Huddersfield Town
- Chairman: Barry Rubery
- Manager: Lou Macari
- Stadium: Kirklees Stadium
- Division Two: 6th
- Play-offs: Semi-finals (eliminated by Brentford)
- FA Cup: Second round (eliminated by Mansfield Town)
- League Cup: First round (eliminated by Rochdale)
- League Trophy: Area Final (eliminated by Blackpool)
- Top goalscorer: League: Leon Knight (16) All: Leon Knight (17)
- Highest home attendance: 16,523 vs Brentford (28 April 2002)
- Lowest home attendance: 3,570 vs Halifax Town (16 October 2001)
- Biggest win: 5–1 vs Wrexham (27 October 2001)
- Biggest defeat: 0–4 vs Mansfield Town (8 December 2001)
| Home colours | Away colours | Third colours |
- ← 2000–012002–03 →

= 2001–02 Huddersfield Town A.F.C. season =

Huddersfield Town's 2001–02 campaign was their first competitive campaign in the third tier since the 1994–95 season. Huddersfield finished 6th that season, before losing in the play-offs to 3rd place Brentford, who Town beat in the play-off semi-finals in the 1994–95 season.

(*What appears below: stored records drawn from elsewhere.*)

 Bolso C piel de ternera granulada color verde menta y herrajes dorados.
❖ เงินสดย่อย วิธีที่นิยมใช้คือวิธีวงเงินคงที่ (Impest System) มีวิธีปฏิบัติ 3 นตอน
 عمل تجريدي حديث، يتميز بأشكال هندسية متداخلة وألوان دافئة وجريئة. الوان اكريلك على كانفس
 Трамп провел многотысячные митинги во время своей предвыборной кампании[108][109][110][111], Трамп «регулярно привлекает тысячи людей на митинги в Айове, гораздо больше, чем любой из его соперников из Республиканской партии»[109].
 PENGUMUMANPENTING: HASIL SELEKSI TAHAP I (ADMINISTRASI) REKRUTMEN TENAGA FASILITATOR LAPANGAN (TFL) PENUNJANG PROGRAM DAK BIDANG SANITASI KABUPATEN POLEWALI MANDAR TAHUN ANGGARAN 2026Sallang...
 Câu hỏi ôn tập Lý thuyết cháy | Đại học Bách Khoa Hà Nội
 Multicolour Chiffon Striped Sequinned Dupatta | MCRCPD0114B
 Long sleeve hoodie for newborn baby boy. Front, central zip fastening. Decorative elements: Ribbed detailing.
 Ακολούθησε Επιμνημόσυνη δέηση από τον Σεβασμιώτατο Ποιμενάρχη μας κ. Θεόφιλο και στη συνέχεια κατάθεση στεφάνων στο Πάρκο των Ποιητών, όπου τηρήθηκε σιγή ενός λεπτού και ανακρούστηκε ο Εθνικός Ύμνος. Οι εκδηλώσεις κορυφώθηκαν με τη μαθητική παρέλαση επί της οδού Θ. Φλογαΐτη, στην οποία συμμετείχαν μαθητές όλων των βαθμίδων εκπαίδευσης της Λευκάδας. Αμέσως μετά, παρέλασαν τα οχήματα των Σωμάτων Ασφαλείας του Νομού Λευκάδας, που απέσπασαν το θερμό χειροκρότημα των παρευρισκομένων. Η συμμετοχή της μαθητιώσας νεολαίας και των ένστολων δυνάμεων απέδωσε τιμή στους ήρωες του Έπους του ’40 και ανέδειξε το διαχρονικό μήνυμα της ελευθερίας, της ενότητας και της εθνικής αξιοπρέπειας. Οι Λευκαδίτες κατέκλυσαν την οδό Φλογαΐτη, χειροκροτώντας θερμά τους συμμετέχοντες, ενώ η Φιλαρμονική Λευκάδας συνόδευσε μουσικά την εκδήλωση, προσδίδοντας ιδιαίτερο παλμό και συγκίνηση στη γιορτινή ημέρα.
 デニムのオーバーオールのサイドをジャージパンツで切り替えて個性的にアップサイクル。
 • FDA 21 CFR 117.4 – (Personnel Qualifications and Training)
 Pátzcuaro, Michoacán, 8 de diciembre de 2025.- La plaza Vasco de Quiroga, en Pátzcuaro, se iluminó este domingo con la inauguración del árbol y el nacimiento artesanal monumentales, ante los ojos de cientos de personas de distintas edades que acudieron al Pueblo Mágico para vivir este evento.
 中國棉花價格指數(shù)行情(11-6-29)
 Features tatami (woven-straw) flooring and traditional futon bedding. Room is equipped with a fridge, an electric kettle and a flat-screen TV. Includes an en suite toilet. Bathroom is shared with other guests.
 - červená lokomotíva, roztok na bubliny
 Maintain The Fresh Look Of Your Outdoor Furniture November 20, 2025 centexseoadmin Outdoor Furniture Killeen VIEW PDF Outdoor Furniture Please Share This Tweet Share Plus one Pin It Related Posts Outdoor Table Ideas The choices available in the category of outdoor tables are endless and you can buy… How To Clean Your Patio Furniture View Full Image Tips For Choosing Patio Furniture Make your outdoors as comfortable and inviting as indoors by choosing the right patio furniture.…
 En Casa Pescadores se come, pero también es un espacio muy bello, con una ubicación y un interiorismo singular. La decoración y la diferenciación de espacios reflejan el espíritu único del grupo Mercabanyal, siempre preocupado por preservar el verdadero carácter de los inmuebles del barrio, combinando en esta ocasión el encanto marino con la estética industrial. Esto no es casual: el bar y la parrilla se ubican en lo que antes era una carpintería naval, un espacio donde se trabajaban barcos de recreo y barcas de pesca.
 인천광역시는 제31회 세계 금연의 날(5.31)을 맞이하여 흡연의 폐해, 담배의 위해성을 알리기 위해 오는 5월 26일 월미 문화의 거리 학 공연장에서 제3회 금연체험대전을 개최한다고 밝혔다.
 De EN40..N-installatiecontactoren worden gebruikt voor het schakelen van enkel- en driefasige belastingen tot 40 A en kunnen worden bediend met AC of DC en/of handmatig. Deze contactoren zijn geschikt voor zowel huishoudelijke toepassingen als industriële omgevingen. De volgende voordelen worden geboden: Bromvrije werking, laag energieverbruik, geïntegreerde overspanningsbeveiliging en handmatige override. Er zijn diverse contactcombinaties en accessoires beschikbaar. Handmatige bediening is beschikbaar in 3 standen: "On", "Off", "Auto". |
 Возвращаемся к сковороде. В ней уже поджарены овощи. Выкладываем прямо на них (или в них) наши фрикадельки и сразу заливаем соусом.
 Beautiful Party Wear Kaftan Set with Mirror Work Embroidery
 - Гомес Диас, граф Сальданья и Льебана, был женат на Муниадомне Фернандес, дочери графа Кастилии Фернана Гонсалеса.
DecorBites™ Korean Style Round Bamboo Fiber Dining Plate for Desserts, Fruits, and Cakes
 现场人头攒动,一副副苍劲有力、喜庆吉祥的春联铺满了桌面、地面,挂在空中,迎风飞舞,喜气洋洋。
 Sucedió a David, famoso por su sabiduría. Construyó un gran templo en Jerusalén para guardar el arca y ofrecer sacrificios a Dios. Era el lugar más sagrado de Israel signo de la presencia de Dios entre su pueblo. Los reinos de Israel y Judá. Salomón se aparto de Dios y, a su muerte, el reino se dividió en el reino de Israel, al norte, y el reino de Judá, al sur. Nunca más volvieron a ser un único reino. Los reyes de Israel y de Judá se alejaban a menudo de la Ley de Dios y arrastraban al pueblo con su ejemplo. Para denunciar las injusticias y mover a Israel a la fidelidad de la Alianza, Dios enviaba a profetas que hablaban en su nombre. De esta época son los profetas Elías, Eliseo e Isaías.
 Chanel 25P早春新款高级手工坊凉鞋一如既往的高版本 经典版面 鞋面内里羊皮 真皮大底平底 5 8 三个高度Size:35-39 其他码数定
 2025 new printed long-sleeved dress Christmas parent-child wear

==Squad at the start of the season==

| No. | Pos. | Nation | Player |
|---|---|---|---|
| 2 | DF | WAL | Steve Jenkins |
| 3 | DF | ENG | Gareth Evans |
| 4 | DF | ENG | Craig Armstrong |
| 5 | DF | ENG | Chris Lucketti |
| 8 | MF | ENG | Kenny Irons |
| 9 | FW | ENG | Martin Smith |
| 11 | FW | SUR | Clyde Wijnhard |
| 12 | DF | ENG | Kevin Gray |
| 13 | GK | WAL | Martyn Margetson |
| 16 | FW | GRN | Delroy Facey |
| 17 | MF | ENG | Simon Baldry |
| 18 | FW | SCO | Chris Hay |

| No. | Pos. | Nation | Player |
|---|---|---|---|
| 20 | DF | IRL | Thomas Heary |
| 21 | DF | ENG | Jon Dyson |
| 22 | MF | ENG | Chris Beech |
| 23 | MF | ENG | Chris Holland |
| 24 | MF | ENG | Danny Schofield |
| 26 | DF | ENG | Adie Moses |
| 29 | MF | USA | John Thorrington |
| 31 | FW | SCO | Paul Macari |
| 32 | FW | ENG | Andy Booth |
| 33 | MF | IRL | Dwayne Mattis |
| 34 | MF | ENG | Michael Senior |

==Review==
Macari remained in charge for the 2001–02 season. At the start of the season he sold Chris Lucketti to Preston North End in a £750,000 deal, after 76 appearances for Town. Macari promoted the then 18-year-old Nathan Clarke to the first team, who would go on to be a mainstay at the heart of the Terriers defence. Huddersfield had a good start to the season, with the exception of the Worthington Cup loss to Rochdale. They continued a steady progress up the table and Lou Macari was on course to send Town back up to Division 1.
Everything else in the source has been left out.